Mécanismes moléculaires de tumorigenèse dans les phéochromocytomes des clusters 1 et 2. Dans les tumeurs du cluster 1 (A), l’accumulation de succinate ou l’inactivation de VHL conduit à la stabilisation et à l’activation des HIF, même en présence d’oxygène. Dans les tumeurs du cluster 2 (B), l’activation du récepteur RET ou la perte de la fonction NF1 est responsable d’une activation des voies RAS/RAF et AKT/mTOR. Ub : ubiquitine ; AC : adénylate cyclase ; AMPc : AMP cyclique ; SHC : Src homology 2 domain containing protein ; GRB2 : growth factor receptor-bound protein 2 ; SOS : son of sevenless protein ; PTEN : phosphatase and tensin homolog protein ; CREB : cAMP response element-binding ; 2-OG : 2-oxoglutarate ; PHD : prolyl hydroxylose ; TOR : target of rapamycin. |
Cluster 1B : mutations de VHL
La maladie de von Hippel-Lindau (VHL), caractérisée notamment par le développement de carcinomes du rein à cellules claires, d’hémangioblastomes du système nerveux central ou de la rétine, de tumeurs pancréatiques et de PGL/PCC, est causée par des mutations inactivatrices du gène suppresseur de tumeur VHL (pour revue, voir [
20]). Le produit de ce gène est une ubiquitine ligase E3 dont l’activité en normoxie conduit à la dégradation des HIF par le protéasome, ce qui explique le profil pseudohypoxique ( cluster 1) des tumeurs qui ont perdu la fonction VHL (Figure 2).
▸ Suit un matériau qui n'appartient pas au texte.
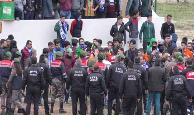 Antalya Süper Amatör Lig Doğu Grubu'nda Manavgat Belediyespor-Kestelspor maçının ardından sahaya inen taraftarları güvenlik güçleri havaya ateş ederek durdurdu.
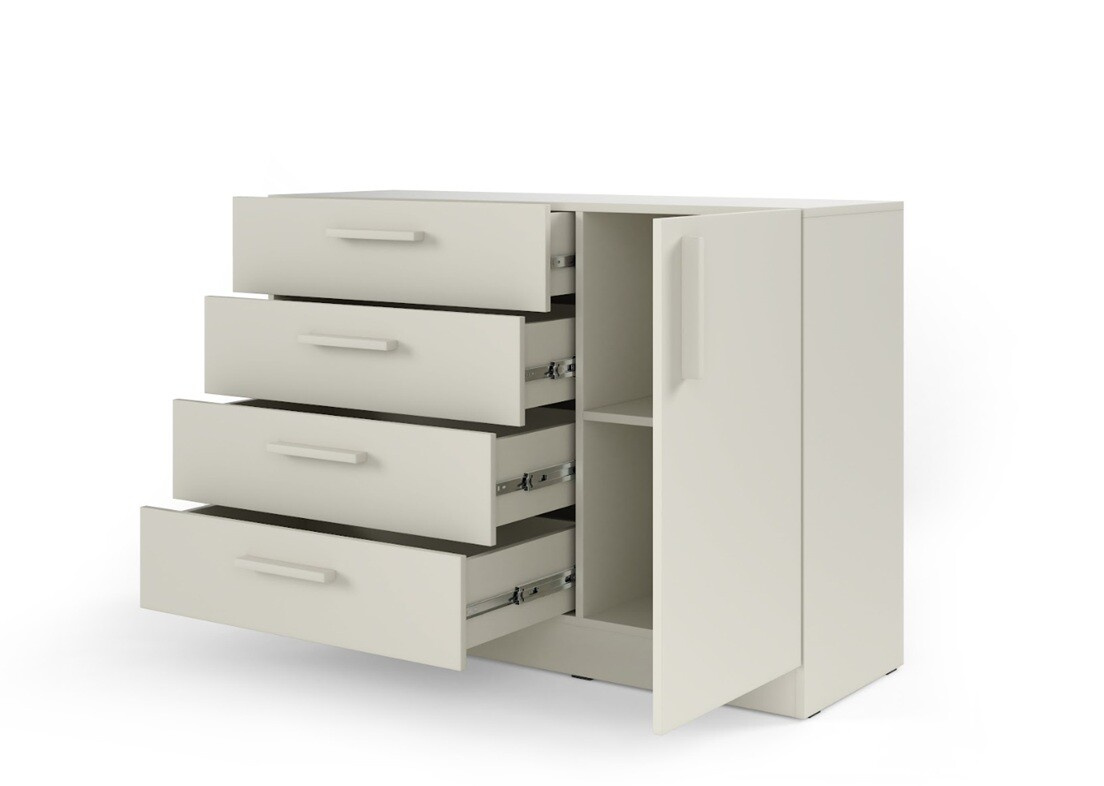 Tato kombinovaná komoda nabízí dostatek úložného prostoru pro všechny vaše potřeby. S šířkou 121 cm, výškou 85 cm a hloubkou 40 cm poskytuje dostatek místa pro uložení oblečení, dokumentů nebo jiných osobních věcí. Její promyšlený design zahrnuje jak zásuvky, tak police, což umožňuje efektivní organizaci a snadný přístup ke všem uloženým předmětům.

Les PGL/PCC liés à des mutations VHL sont souvent bilatéraux ou multiples, rarement malins et de survenue plus précoce que dans d’autres syndromes héréditaires (Tableau I). En conséquence, les mutations VHL sont détectées chez plus de 40 % des patients pédiatriques porteurs d’un PGL/PCC [
21]. Par ailleurs, des mutations somatiques de VHL associées à la perte du chromosome 3p ont été découvertes dans des PGL/PCC sans mutation germinale de VHL, mais dont le profil d’expression génique les classait dans le cluster 1B [ 11]. Le risque de développer un PCC et/ou un carcinome rénal est à la base des associations génotype/phénotype de la maladie de VHL. Ainsi, le sous-type 2 définit les patients à haut risque de PGL/PCC, alors que dans le VHL de type 1, le risque est faible de développer un PCC, mais élevé de développer un carcinome rénal. Cette pénétrance phénotypique variable semble résulter d’une exigence, par les cellules chromaffines ou leurs précurseurs, d’une fonction résiduelle de VHL qui serait superflue pour les cellules rénales. Il est ainsi extrêmement rare de trouver des délétions complètes ou des mutations tronquantes du gène VHL dans les PGL/PCC, alors qu’elles sont fréquentes dans les formes de la maladie associées au cancer du rein. Il a été proposé que les mutations faux-sens du gène, responsables de la maladie de type 2C (qui ne conduit qu’à des PGL/PCC), affecteraient des fonctions de VHL indépendantes des HIF et perturberaient la voie apoptotique dépendante de Jun, favorisant ainsi la croissance tumorale.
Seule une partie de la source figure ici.